“Why identity is a lie we can’t live without” Writing

I honestly don’t know how I felt about the Goddam material. The paper while “identity is a lie we can’t live without” is just a basic outline of how Human tribalism is bad. A tale as old as time about how society would be better without tribalism, but Since we don’t live in a fairy tale land, we need to do the next best thing which keeps it under control. By not hating people for the piteous of shit like their skin color, national origin, and, beliefs. Also, within the material, it has a format I don’t like in serious articles a transcribed interview. Instead of putting in an effort by making paragraphs, describing the emotions on the persons face, or, integrating important details into the article as we get to know this person like who they are, their professions, their life story, into the interview. Well, there is just a giant info dump at the beginning about who was talking to then jumping right into it. So, they start talking about the fundamental nature of identity and how everyone has one even though they don’t want one. All it is beating the dead horse of how identities fundamental to human civilization and nature. How we fuse divisions of identity to justify terrible things. Honestly, I just don’t know where this is going with all the readings.


One Reply to ““Why identity is a lie we can’t live without” Writing”

  1. Hi Doyle, I’m puzzled by your approach to this freewrite. Given your reading situation – you need to write a paper about identity by Monday – I’m not sure your time was best spent ranting about the format of the interview and reducing the ideas in it to a slogan and proclaiming it all old news.

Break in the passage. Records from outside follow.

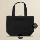 Description Elevate your everyday style with the Stylish Canvas Tote Bag, a perfect blend of fashion and functionality. Whether you're heading to work, school, or a weekend getaway, this versatile tote is designed to carry your daily essentials with ease. Introducing our versatile and eco-friendly 14oz Cotton Tote Bag – the perfect blend of style, sustainability, and functionality. Crafted with care from high-density organic cotton, this tote bag is designed to accompany you on all your daily adventures, whether you're heading to the grocery , gym, beach, or a casual day out. The sturdy construction of the tote ensures durability and longevity, making it a reliable companion for your daily activities. The natural organic cotton material not only adds a touch of classic elegance but also reflects our commitment to sustainable living. Say goodbye to single-use plastic bags and embrace an eco-conscious lifestyle with this reusable alternative. With its spacious interior, the multi-purpose tote provides ample room for your essentials, be it groceries, books, workout gear, or anything in between. The wide and comfortable handles make it easy to carry, whether in hand or over the shoulder. The timeless design and neutral color palette make it a versatile accessory that effortlessly complements any outfit or occasion. What sets our cotton tote apart is its adaptability. It's not just a bag; it's a canvas waiting for your personal touch. Customize it with pins, patches, or fabric markers to express your unique style. The simplicity of the design allows for easy integration into your daily life while serving as a blank canvas for your creativity. Make a conscious choice for the planet and elevate your everyday style with our multi-purpose cotton tote bag. Practical, sustainable, and stylish – it's more than just a bag; it's a statement of mindful living. Chic and Durable Design: The 14oz Organic Cotton Tote bags boasts a stylish canvas exterior that not only looks good but also withstands daily wear and tear. The timeless design complements any outfit, making it a fashion-forward choice or a functional carry solution for groceries and the farmers market. External Pocket: Stay organized on the go with the convenient external pocket. Perfect for storing your , keys, laptop, books or other small items, it provides quick access to essentials without rummaging through the main compartment. Pocket Dimensions at 8" x 8". Top Zipper Closure: Keep your belongings secure with the top zipper closure. Whether you're navigating a busy city or strolling through a park, this anti theft feature ensures that your valuables are safe and protected. Versatile Pack Sizes: Choose the pack size that suits your needs – 1, 3, 6, or 30. Whether you need a single statement piece or a bulk supply for events or corporate gifting, has you covered with our eco friendly totes. Spacious Interior: Despite its sleek profile, the interior of the tote is surprisingly spacious. Toss in your laptop, notebooks, water bottle, and more – there's room for everything you need throughout the day. Dimensions : 21" x 15" x 6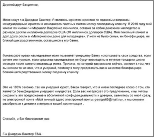 Соответствующее письмо музыканту пришло от юриста по международным и правовым вопросам Джорджи Бакстера. Он написал Василию Вакуленко, что недавно скончался его клиент Маршалл Факуленко и оставил рэперу со схожей фамилией наследство в $ 10 млн.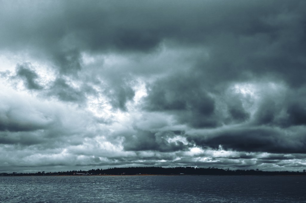 Ab und zu fahre ich zum Spazierengehen mit der Hündin gern in den Husumer Dockkoog, wo zwar nicht immer Wasser ist, dafür aber fast immer tolle Wolkenspiele. An diesem Tag hatte ich Glück, da braute sich richtig was zusammen. Blick auf Nordstrand.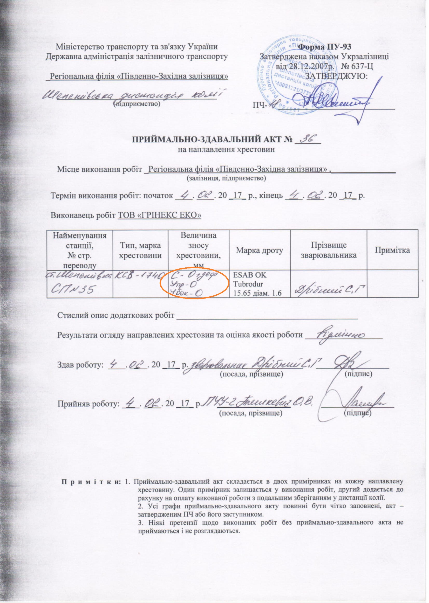- в акті № 33 від 03.02.2017г. взагалі не вказано номер стрілочного переводу, знос сердечника 3 мм вусовиків 0 мм, що дає підставу вважати що таке наплавлення взагалі не відбулося.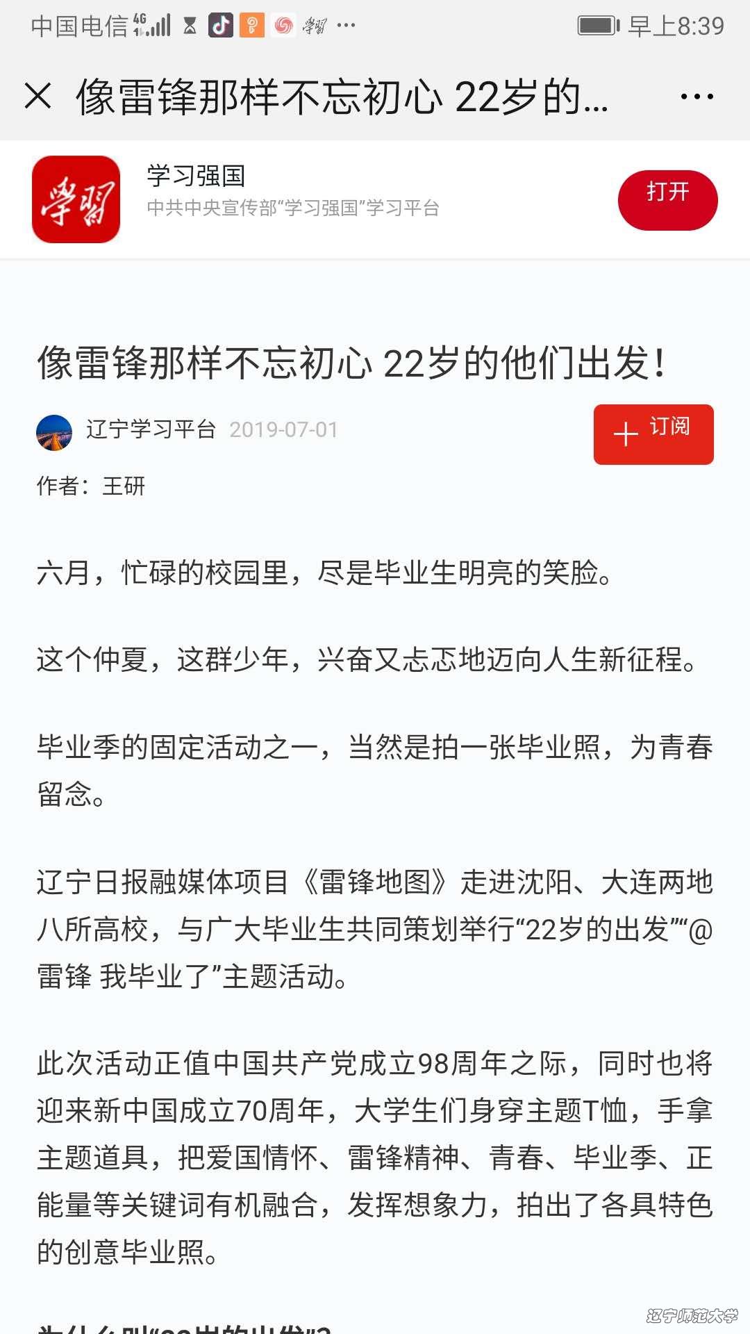 《学习强国》和《辽宁日报》对beat365vip官网登录入口法学院“向祖国致敬”毕业生主题教育活动进行报道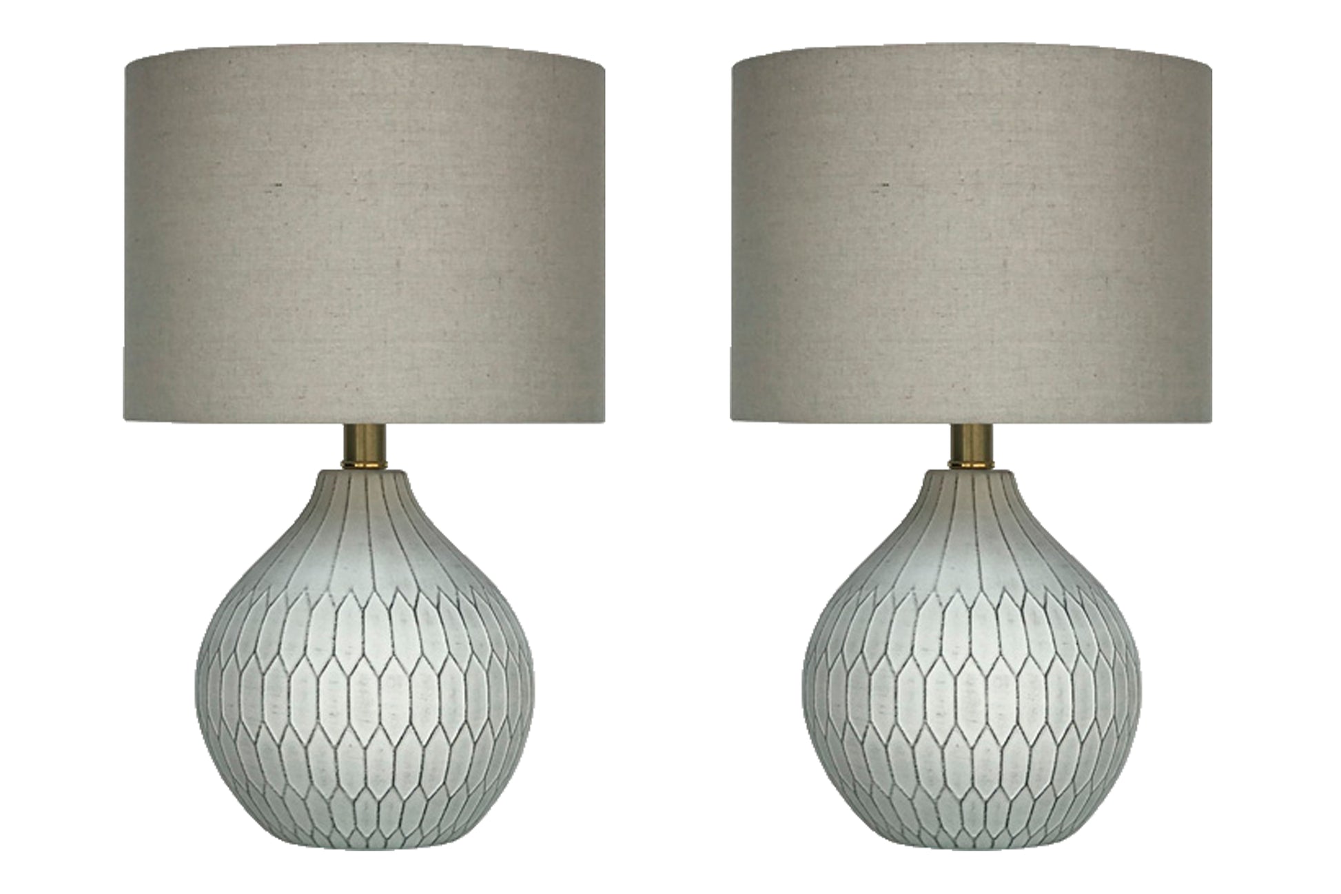 Fresh and light, the dimensional design of this delightful ceramic table lamp set borrows from a retro theme to update a transitional space. Made of ceramic with an antiqued white finish, these accent lamps infuse personality into any setting. Add them to a console or end table and bring out the bright in any decor.
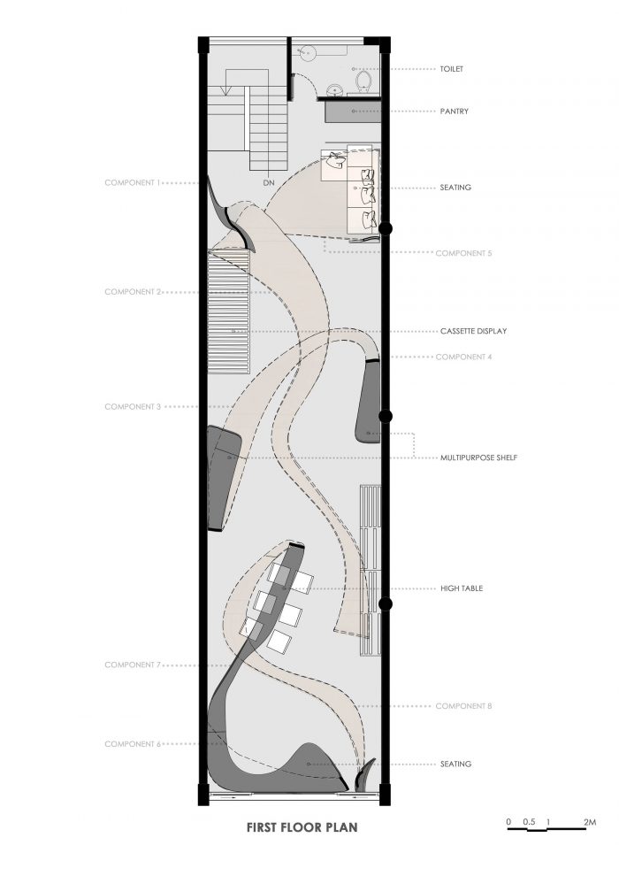 设计问题是在现代城市昌迪加尔的一个市场综合体中的一个现有的71'x18'的线性街区提出的。851号商店成为店主/客户出售的材料的声音。851号店成为店主/客户出售的材料的声音--他经营单板和胶合板,并讲述了工匠和木材之间的传统关系。其结果是一个瞬间充满诗意的室内装置:一个 "空间矩阵",有令人回味的木材带在空间内扭曲和转动,几乎像它有自己的思想。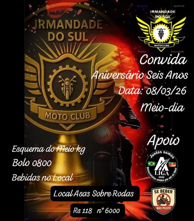 DIA 08/03/2026 - 6° ANIVERSÁRIO MC IRMANDADE DO SUL MC - VIAMÃO - RS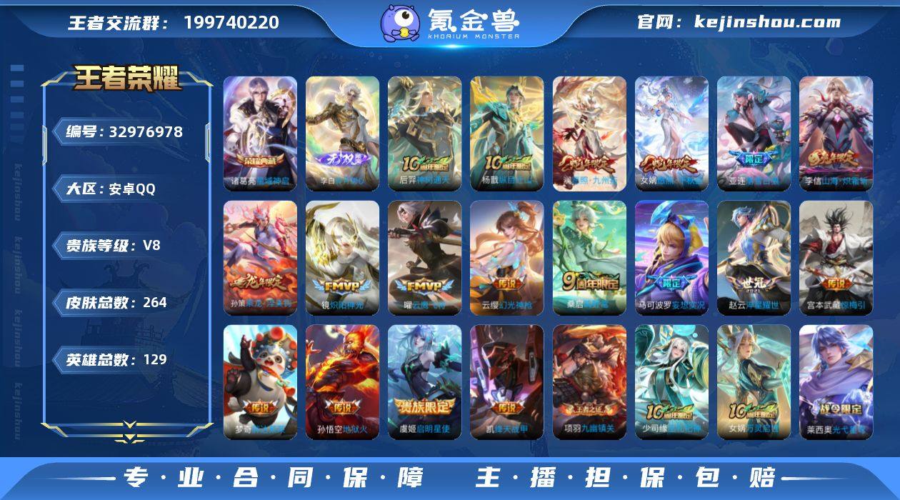 【王者荣耀】珍品无双0 典藏1 无双1 珍品传说0 传说21 史诗95 英雄129 皮肤264 贵族8级 荣耀典藏:星域神启__无双皮肤:碎月剑心__传说皮肤:鸣野蒿|绛天战甲|炽阳神光|启明星使|胖达荣荣|地狱火|刘备-时之恋人|云鹰飞将|淬星耀世|惊梅引|落雪白狼|马超-琥珀纪元|妄想实况|周瑜-音你心动|乘龙·淬吴钩|山海·炽霜斩|幻光神枪|愿照·九州拓|愿照·千秋盛|神树通天|纵目迁山__稀有限定:地狱燃心|古海寻踪|海滩派对|海盐诗旅|胡桃异想国|皇家上将|辉光之辰|剑破天穹|江河有灵|美猴王|迷踪丽影|魔术师|奇幻香踪|擒涛扼浪|青焰无极|燃音魔法|荣光圣徽|探海日志|天穹祈灯|妄想食味|无心|纤云弄巧|星界游侠|夜都魔契|阴阳师|优雅恋人|驭风魔法|原初追逐者|云端筑梦师|暗夜贵公子|暗隐猎兽者|暗渊魔法|白龙吟|缤纷独角兽|冰冠公主|冰雪圆舞曲|苍穹之光|乘风破浪|乘龙·忆丹青|大乔-猫狗日记|德古拉伯爵|地狱岩魂|功夫厨神|鬼剑武藏|唤灵魅影|节奏热浪|金属风暴|李元芳-蔬乡物语|吕布-末日机甲|魅力维加斯|魅语|女仆咖啡|偶像歌手|热力回旋|赏金猎手|上官婉儿-群星魔术团|绅士熊喵|圣诞狂欢|圣诞恋歌|鲁班七号-蔬乡物语|水果甜心|水晶猎龙者|天才门将|天秀·启明|晚萤|赵云-未来纪元|星夜王子|雪...

    Consider a parallel situation. You’ve been tasked by your lab manager to learn more about the care and keeping of clown fish, and she’s given you five articles to read and to report back what you learned to answer the essential question: how can clown fish thrive in captivity?

    As you browse the articles you realize they’re not in your favorite format and get a bit irritated. You also realize that some of the material is familiar because you’ve already learned some stuff about clown fish. In that situation, would you use the same strategy you did here, or would you work to engage the material, see if there’s something new to learn or to build on?

    By reducing the interview to broad concepts like “tribalism” and “human nature” you pulled your focus away from the nuances and details that might have moved your thinking on identity forward. By ranting about format, you spent the time you might have spent exploring and developing the ideas you found in the articles in productive ways.

    Bottom line, try to manage the desire to critique and quickly pigeon-hole the readings and instead use the time available to work through them and move your thinking forward.